=== EXERCISE GOAL ===
Copy the lines below exactly, starting at the one with "此外,这款充电站还带有新一代 GaN 氮化镓芯片,带有多重安全防护机制,自带国标安全门,可防止异物插入。" and ending at the one with "합니다. (더 자세히 보기)", and leave out any picture.

*** RECORDS FOR THE EXERCISE ***

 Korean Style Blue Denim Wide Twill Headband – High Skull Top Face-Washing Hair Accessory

*** End of RECORDS FOR THE EXERCISE ***
*** RECORDS FOR THE EXERCISE ***

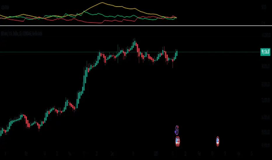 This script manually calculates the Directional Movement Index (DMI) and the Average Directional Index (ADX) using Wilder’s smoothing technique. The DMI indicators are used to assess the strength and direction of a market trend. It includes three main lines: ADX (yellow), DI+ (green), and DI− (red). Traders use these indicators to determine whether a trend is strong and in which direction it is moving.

*** End of RECORDS FOR THE EXERCISE ***
*** RECORDS FOR THE EXERCISE ***

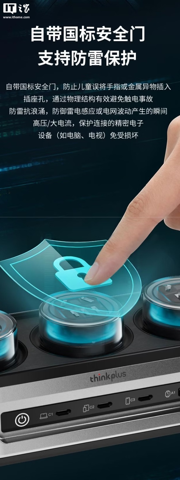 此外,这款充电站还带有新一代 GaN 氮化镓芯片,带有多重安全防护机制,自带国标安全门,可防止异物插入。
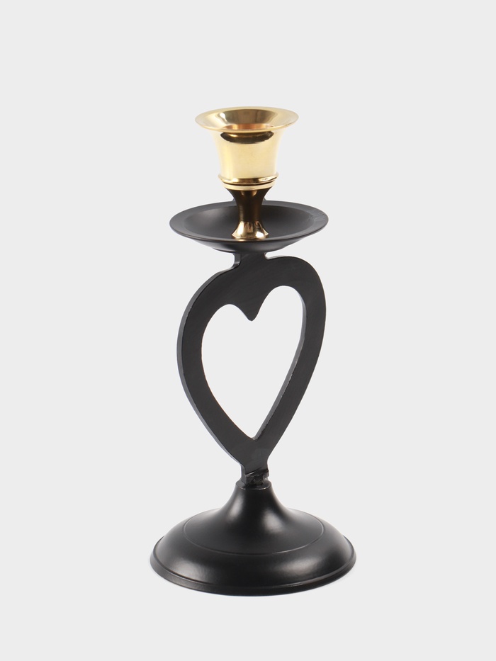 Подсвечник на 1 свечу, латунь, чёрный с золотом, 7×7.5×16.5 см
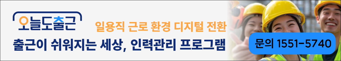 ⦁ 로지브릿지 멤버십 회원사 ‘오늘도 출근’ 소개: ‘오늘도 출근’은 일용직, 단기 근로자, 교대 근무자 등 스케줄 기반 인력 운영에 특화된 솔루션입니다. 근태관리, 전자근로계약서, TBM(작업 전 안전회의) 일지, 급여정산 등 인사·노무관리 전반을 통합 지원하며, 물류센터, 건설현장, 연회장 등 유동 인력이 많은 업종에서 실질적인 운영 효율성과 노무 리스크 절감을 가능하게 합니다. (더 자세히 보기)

*** End of RECORDS FOR THE EXERCISE ***

=== RESPONSE TO THE EXERCISE ===
 此外,这款充电站还带有新一代 GaN 氮化镓芯片,带有多重安全防护机制,自带国标安全门,可防止异物插入。
 Подсвечник на 1 свечу, латунь, чёрный с золотом, 7×7.5×16.5 см
 ⦁ 로지브릿지 멤버십 회원사 ‘오늘도 출근’ 소개: ‘오늘도 출근’은 일용직, 단기 근로자, 교대 근무자 등 스케줄 기반 인력 운영에 특화된 솔루션입니다. 근태관리, 전자근로계약서, TBM(작업 전 안전회의) 일지, 급여정산 등 인사·노무관리 전반을 통합 지원하며, 물류센터, 건설현장, 연회장 등 유동 인력이 많은 업종에서 실질적인 운영 효율성과 노무 리스크 절감을 가능하게 합니다. (더 자세히 보기)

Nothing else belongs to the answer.